The lines below, from the one holding "HVLS FAN (High-volume" through the one holding "علبة وسوار من", are to be restated word for word, with all images left out.

START RECORDS SUPPLIED

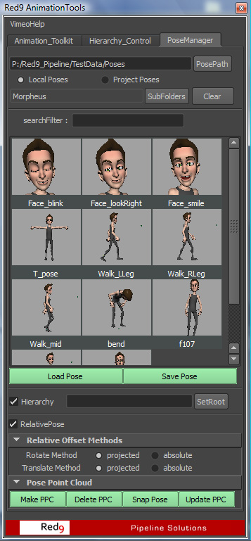 All key animation features run a filter under the hood that allows you to tailor the systems to your rig/ hierarchy, once configured the toolset hooks seamlessly to your solution, allowing animation mirroring, pose saving, rig and transform snapping, time management, key copying, attr copying and a host of other core features, all filtered internally to deal with your setup.
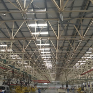HVLS FAN (High-volume low-speed) ceiling fans help reduce energy consumption, as the traditional designed fans are designed with high efficient and durable useful life in the agriculture and industry area. It is widely used for animal husbandry and ideal for large commercial buildings, manufacturing facilities, processing and assembly plates, warehouse or any other large indoor facility.
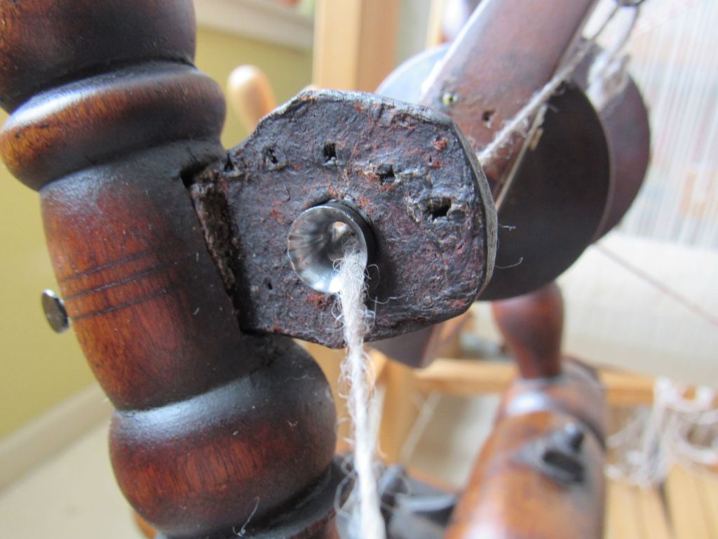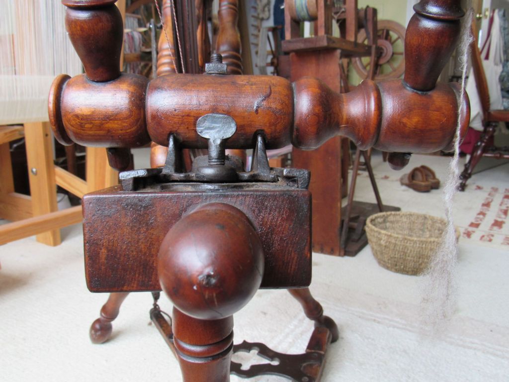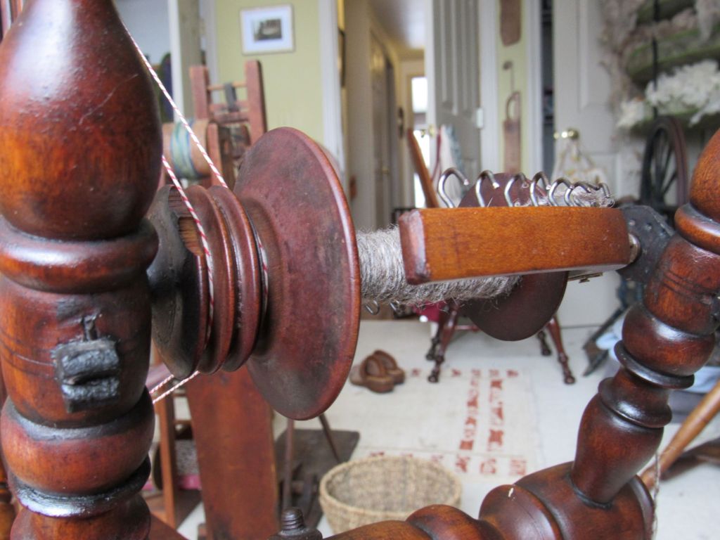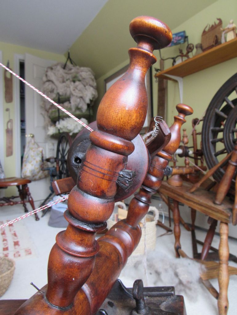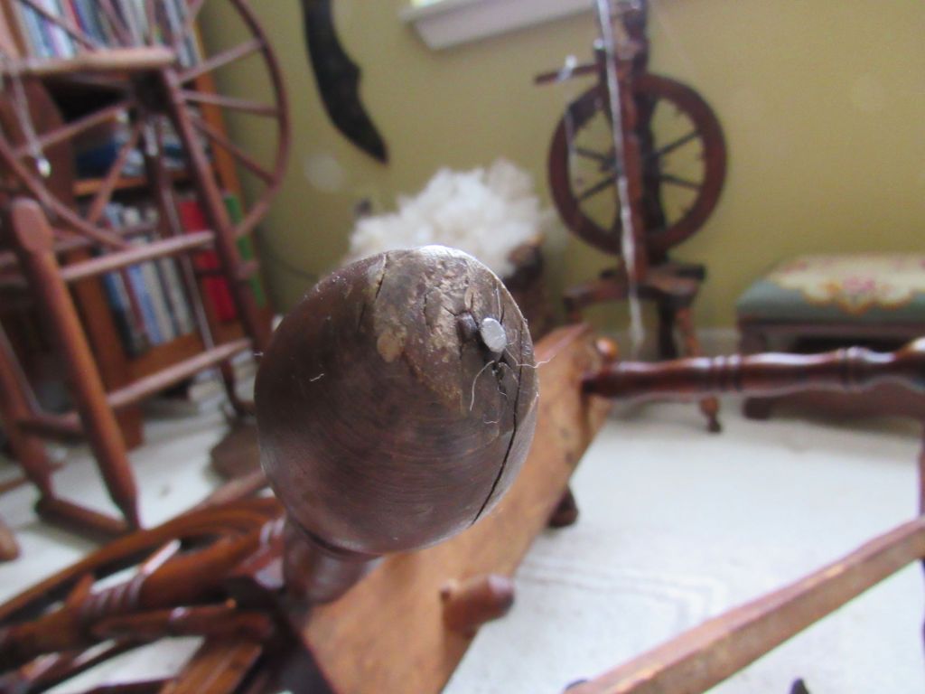 It was put up for auction after the museum closed, when I purchased it and brought it home. There were two Cummer Quebec wheels up for auction that night and I was intending to bid on the other one. But when my foot met the treadle on this one, to see if the wheel turned true, I was immediately drawn to it. It is funny how some wheels don’t speak to me at all and others suck me right in. This wheel is a wonderful spinner and I am hoping to pass her on to a friend who has been looking for a CPW and will give her a good home.
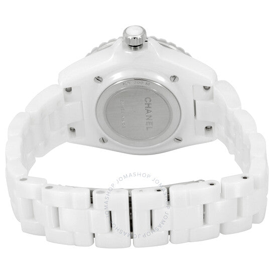 علبة وسوار من السيراميك الأبيض. إطار ثابت من الفولاذ المقاوم للصدأ الأبيض مع حلقة من السيراميك الأبيض المرصع. ميناء أبيض من عرق اللؤلؤ مع عقارب فضية مضيئة وعلامات ساعات من الماس. تظهر الأرقام العربية عند مواضع الساعات 3 و6 و9 و12. علامات الدقائق حول الحافة الخارجية. نوع الميناء: تناظري. عقارب مضيئة. حركة كوارتز. زجاج ياقوت مقاوم للخدش. تاج لولبي. غطاء خلفي صلب. شكل دائري. حجم العلبة: 33 مم. سمكها: 12.94 مم. مشبك مخفي قابل للطي. مقاومة للماء حتى عمق 200 متر / 660 قدمًا. الوظائف: الساعات، الدقائق، الثواني. معلومات إضافية: العلبة الأصلية، دليل الاستخدام (ملحقات كاملة). سلسلة J12. تصميم ساعة فاخرة. علامة الساعة: صناعة سويسرية. ساعة شانيل J12 كوارتز نسائية بمينا بيضاء مرصعة بالألماس H5704.
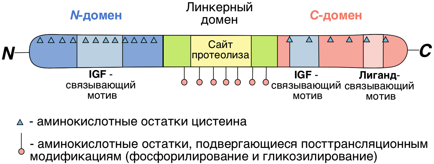 IGF-связывающие белки. Как уже упоминалось выше, IGF взаимодействуют с шестью представителями семейства IGF-связывающих белков. В организме человека каждый из шести IGFBP (IGFBP-1–IGFBP-6) кодируется определённым геном, в то время как у других представителей позвоночных несколько генов отвечают за экспрессию определённого белка IGFBP или трансляция некоторых IGFBP не осуществляется. Несмотря на то что для всех представителей семейства IGFBP характерна значительная гомология аминокислотного состава, они отличаются по своей структуре и функциям. Различие функций представителей IGFBP внутри семейства обусловлено наличием определённых мотивов в их белковой структуре. Все представители семейства IGFBP имеют консервативные N- и С-домены, содержащие 12 и 6 аминокислотных остатков цистеина соответственно и вариабельный линкерный домен. N-Домен включает в себя IGF-связывающий мотив. Линкерный домен содержит аминокислотные остатки, которые могут подвергаться посттрансляционным модификациям, участки связывания с гепарином, а также в нём могут быть локализованы сайты протеолитического расщепления. С-Домен имеет дополнительный IGF-связывающий мотив, тиреоглобулиновый мотив, который отвечает за взаимодействие с гепарином, а также может включать в себя сигнальную последовательность, необходимую для транслокации IGFBP в ядро (рис. 2) [58].

END RECORDS SUPPLIED

→ **ANSWER SPACE**
HVLS FAN (High-volume low-speed) ceiling fans help reduce energy consumption, as the traditional designed fans are designed with high efficient and durable useful life in the agriculture and industry area. It is widely used for animal husbandry and ideal for large commercial buildings, manufacturing facilities, processing and assembly plates, warehouse or any other large indoor facility.
 It was put up for auction after the museum closed, when I purchased it and brought it home. There were two Cummer Quebec wheels up for auction that night and I was intending to bid on the other one. But when my foot met the treadle on this one, to see if the wheel turned true, I was immediately drawn to it. It is funny how some wheels don’t speak to me at all and others suck me right in. This wheel is a wonderful spinner and I am hoping to pass her on to a friend who has been looking for a CPW and will give her a good home.
 علبة وسوار من السيراميك الأبيض. إطار ثابت من الفولاذ المقاوم للصدأ الأبيض مع حلقة من السيراميك الأبيض المرصع. ميناء أبيض من عرق اللؤلؤ مع عقارب فضية مضيئة وعلامات ساعات من الماس. تظهر الأرقام العربية عند مواضع الساعات 3 و6 و9 و12. علامات الدقائق حول الحافة الخارجية. نوع الميناء: تناظري. عقارب مضيئة. حركة كوارتز. زجاج ياقوت مقاوم للخدش. تاج لولبي. غطاء خلفي صلب. شكل دائري. حجم العلبة: 33 مم. سمكها: 12.94 مم. مشبك مخفي قابل للطي. مقاومة للماء حتى عمق 200 متر / 660 قدمًا. الوظائف: الساعات، الدقائق، الثواني. معلومات إضافية: العلبة الأصلية، دليل الاستخدام (ملحقات كاملة). سلسلة J12. تصميم ساعة فاخرة. علامة الساعة: صناعة سويسرية. ساعة شانيل J12 كوارتز نسائية بمينا بيضاء مرصعة بالألماس H5704.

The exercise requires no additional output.